El trabajo sí era una preocupación. Cuando Annabelle conoció a Kenji, acaba de empezar un máster en Biblioteconomía. Soñaba con ser bibliotecaria desde pequeña, cuando la Biblioteca Pública había sido su refugio. Hija única, los libros eran sus mejores amigos. Su madre no había sido una gran lectora y su padrastro era un borracho, pero los bibliotecarios siempre habían sido amables con ella. Se puso loca de contento cuando la aceptaron en el máster, pero entonces se quedó embarazada de Benny. Con una criatura en camino, sabía que sería difícil salir adelante solo con lo que ganaba Kenji tocando, de manera que aceptó un trabajo en la sucursal regional de una agencia nacional de seguimiento de medios de comunicación y allí continuaba. Era lectora en el Departamento de Prensa Escrita.
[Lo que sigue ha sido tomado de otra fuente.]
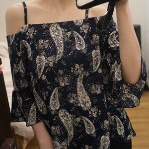 Navy Paisley & Floral pattern Off Shoulder Blouse
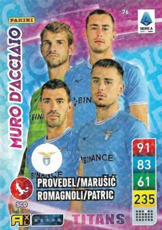 The biggest 30-day change Adam Marusic / Alessio Romagnoli / Ivan Provedel cards are 2023 Panini Adrenalyn XL Calciatori Titans #76 Base.
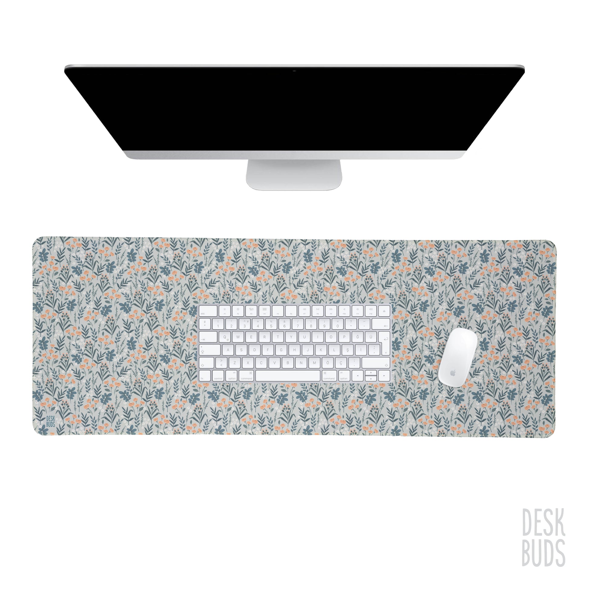 A simple but beautiful extra large desk mat in light grey with hints of peach and blue. Make your desk both functional and gorgeous.

Su trabajo consistía en leer en diagonal todos los periódicos locales y estatales que llegaban a la oficina cada mañana y a continuación recortar los artículos relacionados con las áreas de negocio de los clientes para enviárselos. Los clientes eran empresas, partidos políticos y grupos de presión, y los artículos trataban sobre todo de política local, cuestiones ambientales e industrias biorregionales: silvicultura, pesca, petróleo, carbón, gas, extracción de recursos, control de armas y elecciones estatales y municipales. Los tipos de la oficina que hacían el seguimiento de la televisión, la radio y los medios de comunicación en línea no eran demasiado divertidos. Lo que hacía el trabajo agradable eran las otras Damas de la Tijera.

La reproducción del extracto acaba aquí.